Task instructions
Look below for the line that contains "Brass, Old (2)", then copy it and each following line exactly, through and including the line that contains "Here we have".

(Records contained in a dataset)
_ _ _ _ _ _ _

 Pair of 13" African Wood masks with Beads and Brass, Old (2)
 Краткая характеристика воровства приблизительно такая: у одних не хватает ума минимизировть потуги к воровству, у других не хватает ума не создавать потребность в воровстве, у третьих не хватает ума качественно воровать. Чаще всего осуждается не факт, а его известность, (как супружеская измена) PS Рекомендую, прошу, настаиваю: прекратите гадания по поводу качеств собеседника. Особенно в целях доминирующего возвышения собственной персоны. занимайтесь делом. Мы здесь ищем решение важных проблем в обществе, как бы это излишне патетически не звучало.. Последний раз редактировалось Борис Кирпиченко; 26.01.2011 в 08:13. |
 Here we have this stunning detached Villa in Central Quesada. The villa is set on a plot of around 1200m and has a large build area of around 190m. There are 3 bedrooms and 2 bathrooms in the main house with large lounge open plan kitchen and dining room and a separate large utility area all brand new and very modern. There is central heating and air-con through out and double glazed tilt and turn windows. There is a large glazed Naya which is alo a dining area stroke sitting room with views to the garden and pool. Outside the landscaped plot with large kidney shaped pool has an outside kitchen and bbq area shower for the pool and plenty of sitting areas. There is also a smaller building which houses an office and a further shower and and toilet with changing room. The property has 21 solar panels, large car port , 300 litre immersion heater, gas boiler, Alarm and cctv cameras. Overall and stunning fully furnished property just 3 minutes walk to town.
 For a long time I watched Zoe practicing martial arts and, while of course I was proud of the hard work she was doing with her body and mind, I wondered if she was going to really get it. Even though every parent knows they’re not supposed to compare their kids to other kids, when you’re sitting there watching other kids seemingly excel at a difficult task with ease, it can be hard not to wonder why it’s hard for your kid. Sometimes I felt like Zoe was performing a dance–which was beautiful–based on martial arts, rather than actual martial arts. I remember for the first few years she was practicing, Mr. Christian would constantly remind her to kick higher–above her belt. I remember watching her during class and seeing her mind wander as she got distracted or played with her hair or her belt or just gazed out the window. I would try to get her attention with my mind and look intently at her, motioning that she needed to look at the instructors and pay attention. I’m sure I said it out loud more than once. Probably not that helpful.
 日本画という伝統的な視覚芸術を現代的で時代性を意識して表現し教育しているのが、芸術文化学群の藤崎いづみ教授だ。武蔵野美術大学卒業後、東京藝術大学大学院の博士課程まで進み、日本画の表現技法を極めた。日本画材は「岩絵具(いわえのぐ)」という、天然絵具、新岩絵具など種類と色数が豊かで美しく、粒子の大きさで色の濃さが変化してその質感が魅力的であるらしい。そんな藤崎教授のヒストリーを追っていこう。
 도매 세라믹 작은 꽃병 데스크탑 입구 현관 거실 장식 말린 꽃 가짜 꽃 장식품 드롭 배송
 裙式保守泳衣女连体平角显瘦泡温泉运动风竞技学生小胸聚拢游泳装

_ _ _ _ _ _ _

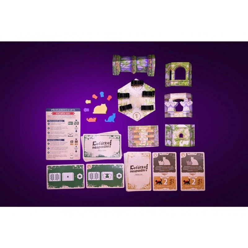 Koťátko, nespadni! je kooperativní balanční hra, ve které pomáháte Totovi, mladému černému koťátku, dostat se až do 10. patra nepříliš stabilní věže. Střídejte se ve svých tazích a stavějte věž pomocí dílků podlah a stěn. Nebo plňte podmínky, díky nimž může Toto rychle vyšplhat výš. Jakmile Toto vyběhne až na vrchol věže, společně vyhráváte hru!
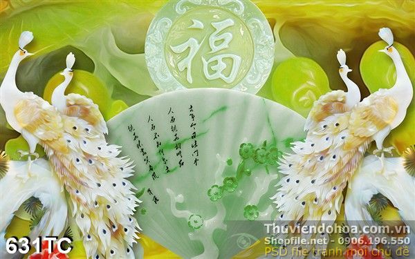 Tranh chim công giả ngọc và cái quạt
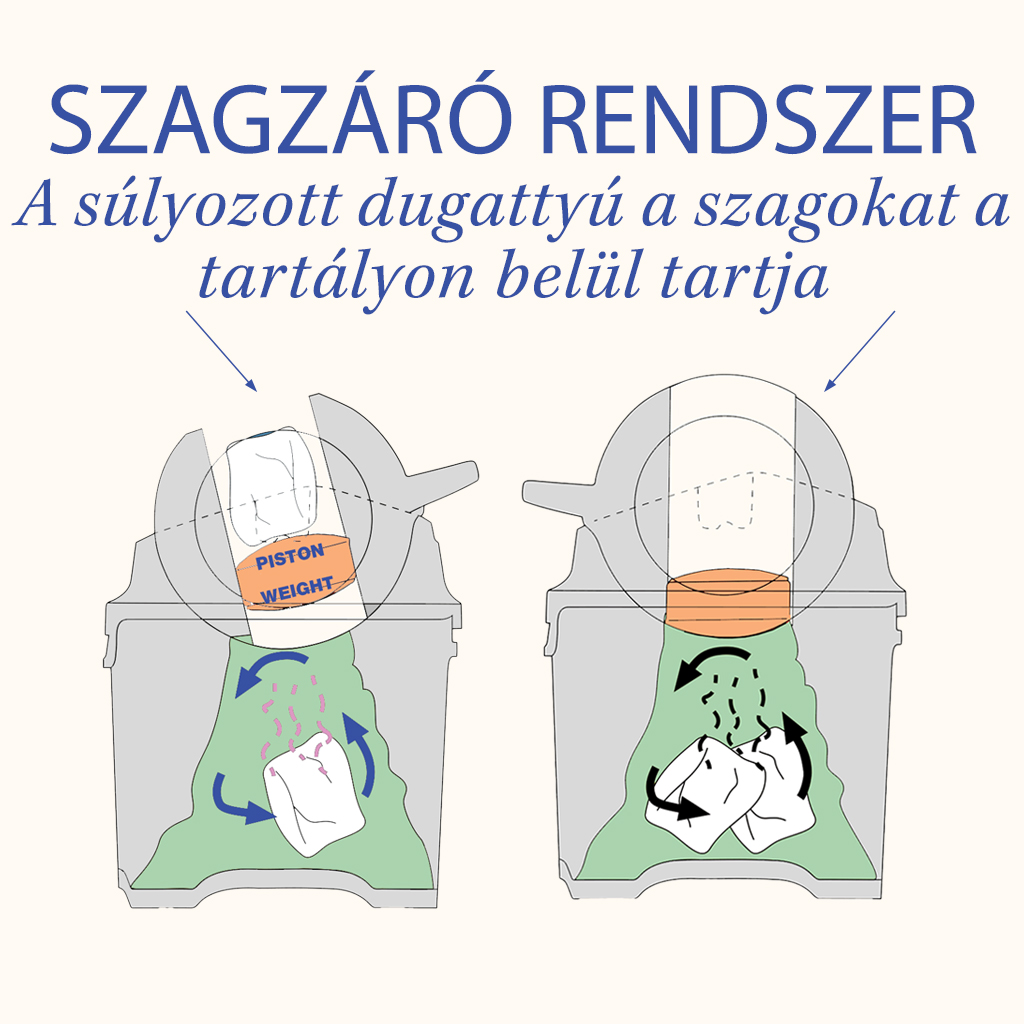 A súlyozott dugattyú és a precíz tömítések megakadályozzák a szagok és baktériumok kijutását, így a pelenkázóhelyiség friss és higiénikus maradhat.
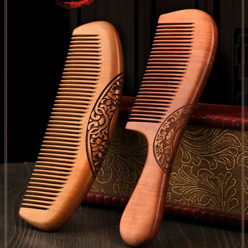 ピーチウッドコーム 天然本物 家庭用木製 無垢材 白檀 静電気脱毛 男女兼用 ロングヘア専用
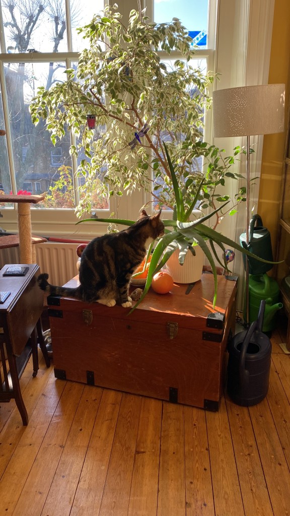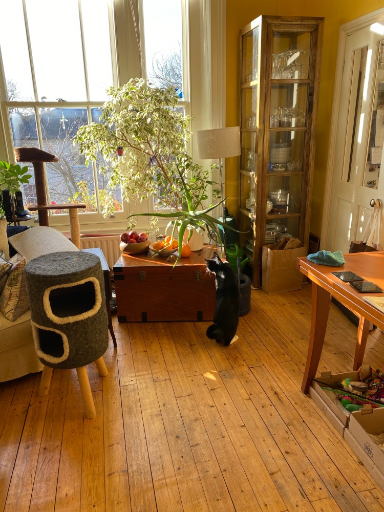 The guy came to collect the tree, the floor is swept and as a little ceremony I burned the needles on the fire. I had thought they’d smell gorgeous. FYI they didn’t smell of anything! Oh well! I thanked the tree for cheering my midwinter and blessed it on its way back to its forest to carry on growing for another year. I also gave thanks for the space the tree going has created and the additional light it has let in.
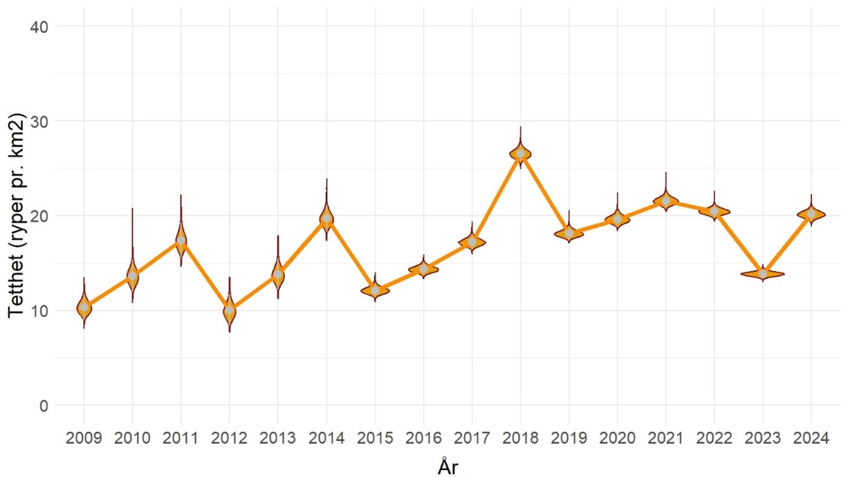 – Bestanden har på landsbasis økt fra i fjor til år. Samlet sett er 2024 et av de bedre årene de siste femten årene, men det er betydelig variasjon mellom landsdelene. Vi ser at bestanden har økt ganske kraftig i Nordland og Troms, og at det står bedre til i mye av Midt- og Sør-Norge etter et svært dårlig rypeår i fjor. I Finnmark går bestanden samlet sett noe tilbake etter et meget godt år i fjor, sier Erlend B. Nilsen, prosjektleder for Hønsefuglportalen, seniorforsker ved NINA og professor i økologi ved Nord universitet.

_ _ _ _ _ _ _

Result of the task
 Pair of 13" African Wood masks with Beads and Brass, Old (2)
 Краткая характеристика воровства приблизительно такая: у одних не хватает ума минимизировть потуги к воровству, у других не хватает ума не создавать потребность в воровстве, у третьих не хватает ума качественно воровать. Чаще всего осуждается не факт, а его известность, (как супружеская измена) PS Рекомендую, прошу, настаиваю: прекратите гадания по поводу качеств собеседника. Особенно в целях доминирующего возвышения собственной персоны. занимайтесь делом. Мы здесь ищем решение важных проблем в обществе, как бы это излишне патетически не звучало.. Последний раз редактировалось Борис Кирпиченко; 26.01.2011 в 08:13. |
 Here we have this stunning detached Villa in Central Quesada. The villa is set on a plot of around 1200m and has a large build area of around 190m. There are 3 bedrooms and 2 bathrooms in the main house with large lounge open plan kitchen and dining room and a separate large utility area all brand new and very modern. There is central heating and air-con through out and double glazed tilt and turn windows. There is a large glazed Naya which is alo a dining area stroke sitting room with views to the garden and pool. Outside the landscaped plot with large kidney shaped pool has an outside kitchen and bbq area shower for the pool and plenty of sitting areas. There is also a smaller building which houses an office and a further shower and and toilet with changing room. The property has 21 solar panels, large car port , 300 litre immersion heater, gas boiler, Alarm and cctv cameras. Overall and stunning fully furnished property just 3 minutes walk to town.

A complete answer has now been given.